Observer-Aware Probabilistic Planning Under Partial Observability
Salomé Lepers, Vincent Thomas, Olivier Buffet
TL;DR
This work extends observer-aware planning to partial observability via PO-OAMDPs, enabling dynamic target variables and controlling observer inference. It embeds BST belief updates to track observer state beliefs and derives observer-aware rewards that depend on the target belief, transforming PO-OAMDPs into an equivalent state-belief MDP. The authors adapt HSVI to operate in the information-space, address SSP/complexity considerations, and demonstrate nontrivial legibility, explicability, and predictability behaviors in maze-like benchmarks, with improved performance over baseline observer policies. This framework broadens realistic, human-aware planning by allowing the agent to strategically reveal or conceal information to an observer under uncertainty, with proven solution approaches and practicalizable initialization strategies.
Abstract
In this article, we are interested in planning problems where the agent is aware of the presence of an observer, and where this observer is in a partial observability situation.

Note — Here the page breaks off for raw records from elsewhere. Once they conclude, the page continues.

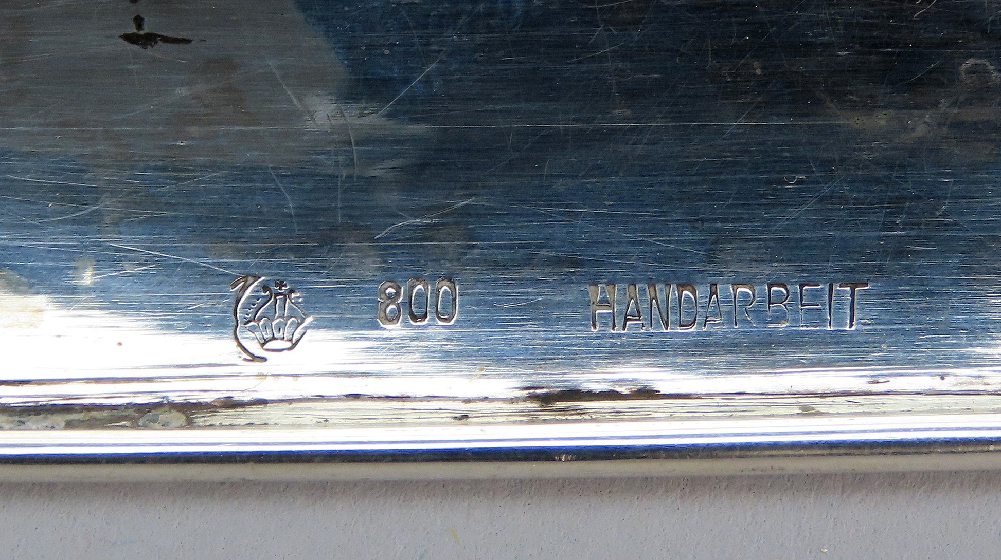 The underside is marked on the edge for .800 purity silver, the German crescent moon and crown and “handarbeit” meaning Handmade.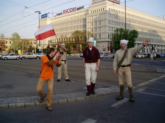 Na trasie przejazdu, w wybranych punktach symbolizujących poszczególne afrykańskie kraje, odgrywane były scenki z podróży Kazimierza Nowaka. Na zdjęciu Kazik pod palmami.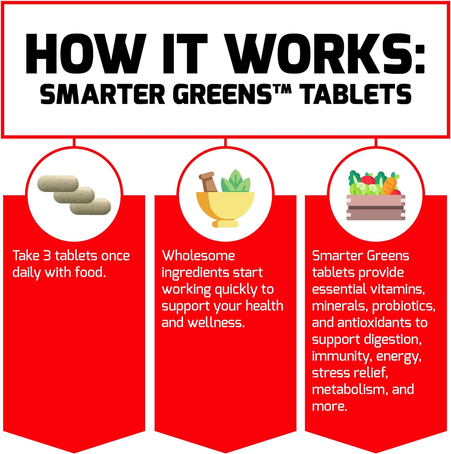 ULTIMATE CONVENIENCE: Sometimes there’s just no time to mix up your favorite greens powder. Smarter Greens Tablets are a quick and easy way to boost your daily nutrition with a wholesome blend of fruits, vegetables, adaptogens, and antioxidants.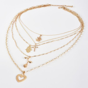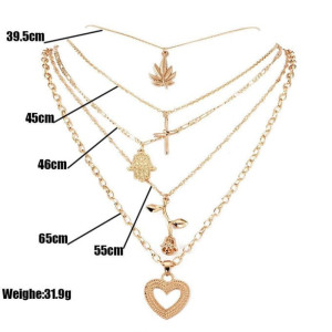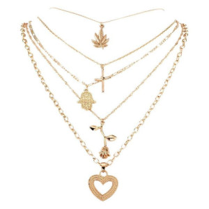 This necklace set is a perfect blend of fashion and individuality. Composed of multiple necklaces, it exudes unique charm. Made of alloy and carefully processed, it presents a bright and long - lasting golden luster. Each necklace has its own characteristics, with a rich variety of pendant elements, such as leaves symbolizing peace, the Hamsa hand representing protection, roses with auspicious implications, and a unique heart - shaped hollow pendant, which is delicate and eye - catching. The chains of different lengths can be freely combined and layered. Whether paired with a simple T - shirt to show casualness or with a dress for a party to highlight elegance and fashion, it can be easily matched, adding layers and highlights to the outfit. It's a must - have accessory for trend - seekers.

The agent has to choose its strategy so as to optimize the information transmitted by observations. Building on observer-aware Markov decision processes (OAMDPs), we propose a framework to handle this type of problems and thus formalize properties such as legibility, explicability and predictability. This extension of OAMDPs to partial observability can not only handle more realistic problems, but also permits considering dynamic hidden variables of interest. These dynamic target variables allow, for instance, working with predictability, or with legibility problems where the goal might change during execution. We discuss theoretical properties of PO-OAMDPs and, experimenting with benchmark problems, we analyze HSVI's convergence behavior with dedicated initializations and study the resulting strategies.